The Town at Night

Driving through Hardwick, Vermont, last night, beneath a crescent moon, the 11-year-olds in the backseat playing a word game and clapping, the 17-year-old  dreaming thoughtfully at the wheel, I marveled at how good Hardwick looks in the dark, the handful of streets lit up, the Town House’s double doors open for a musical, foyer chandelier shining welcomingly.

Run-down Hardwick, with its perpetually empty storefronts, the town of two auto parts stores, five gas stations with cheap greasy food, one food co-0p with pricy produce, and one thrift store. Reservoir of cheap beer and highly-taxed cigarettes and way too many scratch-off tickets. A town of more well-heeled days, called theirs now by those who have moved in with plenty of money or education or both, while those who have lived here for generations frequently are scant on both.

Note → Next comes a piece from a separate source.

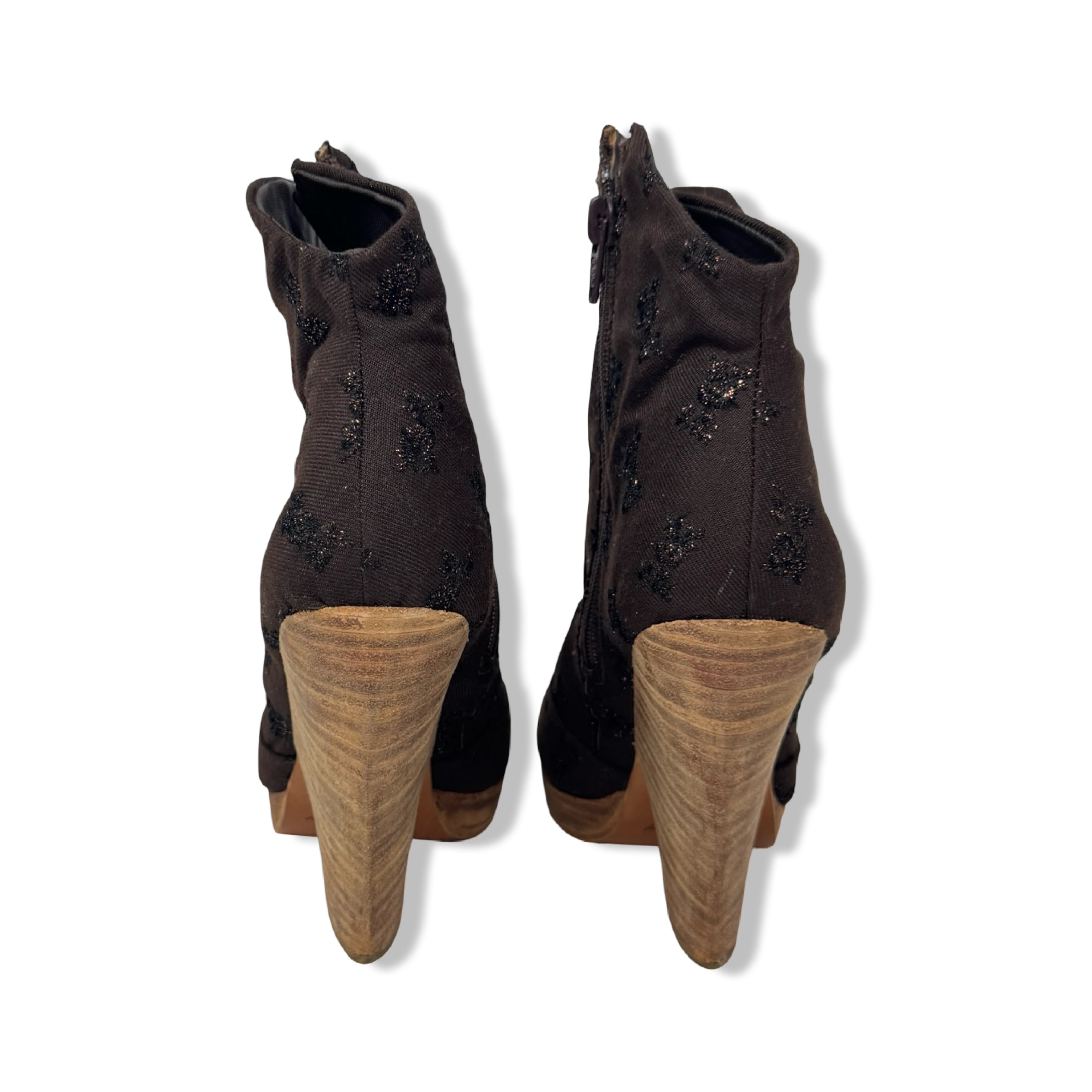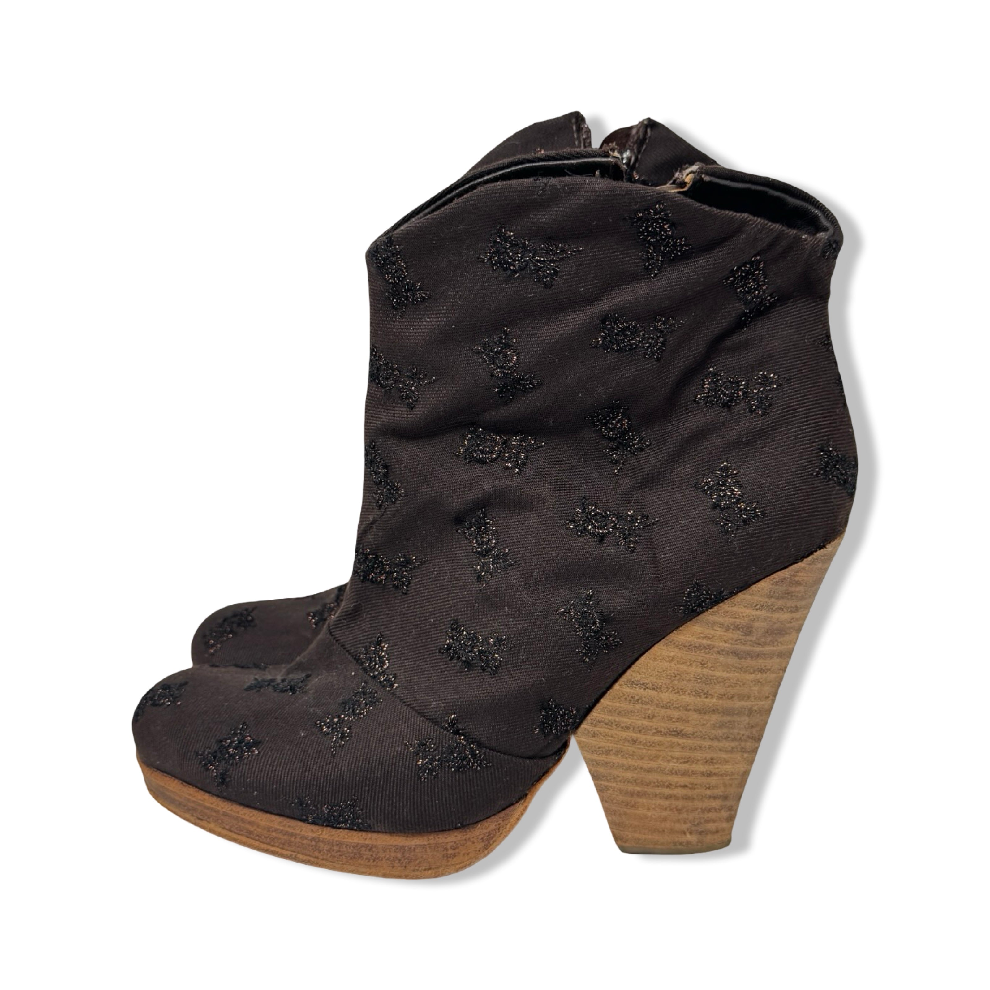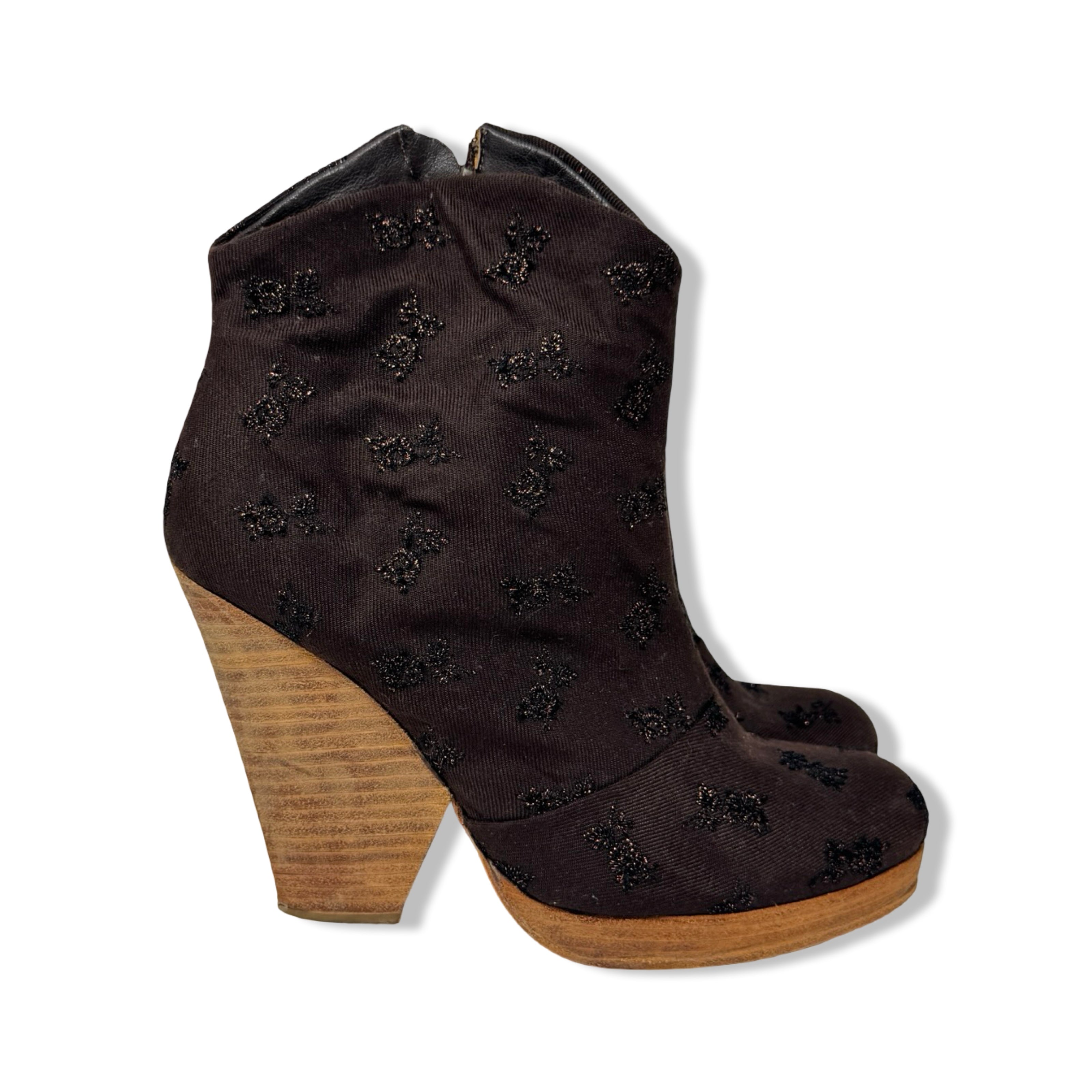 - Pull on booties with canvas upper and metallic floral pattern throughout. Side zip closure and wooden heel

I left the Town House before the finale, standing outside in the cold. Freakishly, a structural fire burned behind the Town House, bright flames turning billowing smoke and steam bright red, split through with blue police lights. The cold gnawed at my feet. Overhead, clusters of stars and that curl of moon pushed through the streetlights and hazy atmosphere. From the closed doors, I heard a girl’s clear song, her voice graceful as a heron in flight, slowly winging its way through the sky.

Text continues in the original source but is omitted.